Add HTML representation
Rich HTML representation for AnnData
- [x] Closes #675
- [x] Tests added
- [x] Release note added (or unnecessary)
Summary
Implements rich HTML representation (_repr_html_) for AnnData objects in Jupyter notebooks and other HTML-aware environments. This builds on previous draft PRs (#784, #694, #521, #346) with a complete, production-ready implementation.
Screenshot
Features
Interactive Display
- Foldable sections: Each attribute (obs, var, uns, etc.) is collapsible with auto-fold for sections exceeding threshold
- Search/filter: Real-time filtering across all fields by name, type, or content
- Copy-to-clipboard: One-click copy for field names
- Nested AnnData: Expandable nested objects with configurable depth limit
Visual Indicators
- Category colors: Displays category values with their color palette from
uns(e.g.,cell_type_colors) - Type badges: Visual indicators for views, backed mode, sparse matrices, Dask arrays
- Serialization warnings: Highlights fields that won't serialize to H5AD/Zarr
- Value previews: Inline previews for simple uns values (strings, numbers, small dicts/lists)
- README support: If
uns["README"]contains a string, a small ⓘ icon appears in the header; clicking it opens a modal with the content rendered as markdown (headers, bold/italic, code blocks, ordered/ unordered lists, links, blockquotes, tables) - Memory info: Shows estimated memory usage in footer
Compatibility
- Dark mode: Auto-detects Jupyter Lab/VS Code themes
- No-JS fallback: Graceful degradation when JavaScript is disabled
- JupyterLab safe: CSS scoped to
.anndata-reprprevents style conflicts
Configuration
import anndata
anndata.settings.repr_html_enabled = True # Enable/disable HTML repr (default: True)

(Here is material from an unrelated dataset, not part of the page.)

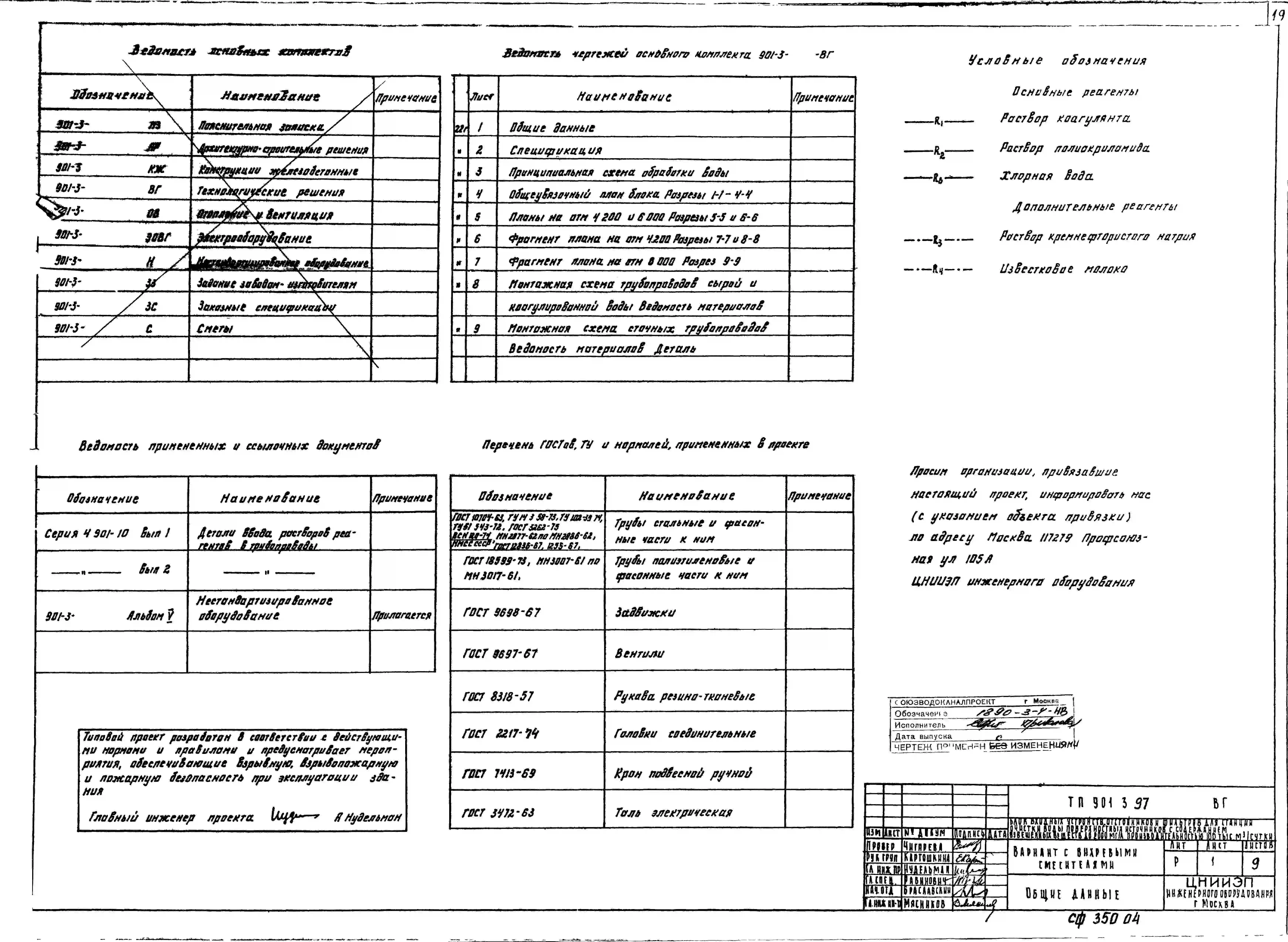 Типовой проект 901-3-97 Блок входных устройств, отстойников и фильтров с содержанием взвешенных веществ до 2000 мг/л производительностью 100 тыс. м3/сутки (вариант с вихревыми смесителем)

anndata.settings.repr_html_fold_threshold = 5 # Auto-fold sections with more items (default: 5)
anndata.settings.repr_html_max_depth = 3 # Nested AnnData depth limit (default: 3)
anndata.settings.repr_html_max_items = 200 # Max items per section (default: 200)
anndata.settings.repr_html_max_categories = 100 # Max categories inline (default: 100)
anndata.settings.repr_html_dataframe_expand = False # Expandable DataFrame tables (default: False)
anndata.settings.repr_html_max_field_width = 400 # Max width for field name column (default: 400px)
anndata.settings.repr_html_type_width = 220 # Width for type column (default: 220px)
Extensibility
The repr system provides two extension points: TypeFormatter for custom value visualization and SectionFormatter for adding new sections.
TypeFormatter - Format by Python type (e.g., custom array in obsm/varm):
from anndata._repr import register_formatter, TypeFormatter, FormattedOutput
@register_formatter
class MyArrayFormatter(TypeFormatter):
sections = ("obsm", "varm") # Only apply to these sections (None = all)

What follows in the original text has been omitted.